I think about introducing more takeaway-style sauces. People are cooking a lot at home; it can be nice to not have to make the sauce and having these kits or ready-to-eat packages can make it easy for people to enjoy at home.
What’s one piece of advice you would give a restaurateur preparing to reopen their restaurant?
Take it slow. When we saw the ready-to-open announcements, we didn’t jump at the opportunity. We waited about a week, saw what other restaurants were doing and how they were dealing with the new mandates. When we did finally jump back in, we didn't return to full hours or staff right away.
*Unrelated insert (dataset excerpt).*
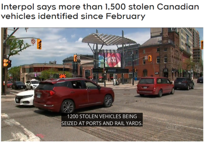 国际刑警组织表示,大多数被盗的加拿大车辆是由其他国家的执法官员在“国家入境口岸”发现的。

So, my advice would be to ease back into it. Go slow and take it step by step maybe five days a week instead of seven. You should also make sure you can handle the new restrictions.
If you want to do five days of lunch and dinner, try doing just dinner first. If that goes well, go for five days of lunch and dinner the next week. If that also goes well, hire back your team and go for seven days.
Given the new reality of the foodservice industry, how would you like to see it evolve and rise above the current situation?
Eventually, this thing has got to go but we don't know how much of the restaurant industry will be left afterwards. We are not over this by any stretch, we're barely in the middle of it.
I think it's safe to say people will always eat out because eating food brings people together. There's always going to be room for restaurants, but it will be a slow, painful rebuild for our industry.
I’d like to see more people supporting their favourite restaurants and businesses in a way that isn't putting other people at risk. We all need to take responsibility for being safe, patient, mindful of this virus, and we need to understand and empathize with restaurant owners who are going through it as well.